Meho and Yang examine the impact of data sources on citation counts and rankings of LIS faculty, specifically comparing Web of Science (WoS) to Scopus and Google Scholar (GS). The analysis was based on citation counts and rankings of all 15 faculty members at the School of Library and Information Science at Indiana-Bloomington, which resulted in the examination of more than 10,000 citing and purportedly citing documents. The results indicate that Scopus alters the relative ranking of those scholars that appear in the middle of the rankings and that GS stands out in its coverage of conference proceedings, as well as international, non-English language journals. The authors conclude that the use of Scopus and GS, in addition to WoS, is more accurate and comprehensive in revealing the scholarly impact of authors.

Saracevic, in a two-part critical review, traces and synthesizes the scholarship on relevance over the past 30 years and provides an updated framework within which the still widely dissonant ideas and works about relevance might be interpreted and related.
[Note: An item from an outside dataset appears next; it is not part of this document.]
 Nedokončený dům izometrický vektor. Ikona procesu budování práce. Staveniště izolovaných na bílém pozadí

It is a continuation and update of a similar review that appeared in 1975. In this second part of the review, relevance behavior and effects are synthesized using experimental and observational works that incorporated data. As in the first part of the review, each section concludes with a summary that in effect provides an interpretation and synthesis of contemporary thinking on the topic treated or suggests hypotheses for future research. Analyses of some of the major trends that shape relevance work are offered in the conclusions.
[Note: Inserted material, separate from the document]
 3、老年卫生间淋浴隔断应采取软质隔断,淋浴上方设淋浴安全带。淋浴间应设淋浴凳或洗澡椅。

Sotudeh and Horri examine the citation performance of open access journals (OAJs), reporting the results of a study carried out at the article level. To reduce the confounding effects of OA dynamics, the study was limited to prestigious, pure, stable and long-lasting OAJs. One hundred thirty-nine gold OAJs, indexed by SCI, were identified and validated in terms of their stability in providing a full, immediate OA policy. As a prestige criterion, only the 114 journals recognized enough by the scientific community to enter the Journal Citations Report were included in the study. Non-English journals and those launched after 2001 were also omitted, resulting in a set of 99 journals. The SCI Expanded 3.0 available at Web of Science was used to extract characteristics of the articles published in the identified journals. A total of 27,948 unique items, originally published as OA, were collected. Citations were counted using a variable time window (from three years for articles published in 2003 to five years for those published in 2001). The journals were classified into four broad scientific disciplines: life sciences, natural sciences, engineering and material sciences, and multidisciplinary sciences. Regression analysis was used to determine the mathematical model that best describes the relationship between articles and citations across fields in OA journals. The results show that the power law model provides the best fit to the data. Overall, the authors found a similarity of the science system across OAJ and non-OAJ boundaries, indicating evidence of OA's widespread recognition by scientific communities. According to the models used in the study, the citation distributions between fields are strongly disproportionate in life sciences and engineering and material sciences, favoring larger fields in the former, but smaller fields in the latter. Distributions tend to be rather linear in the natural sciences.

Egghe demonstrates that the Egghe's construction, rather than “including the standard case,” as asserted by Rousseau, actually leads to the Leimkuhler curve of the dual function, in the sense of Egghe. The author distinguishes between the Lorenz curve, a convex form arising from ranking from smallest to largest, and the Leimkuhler curve, a concave curve form arising from ranking from largest to smallest.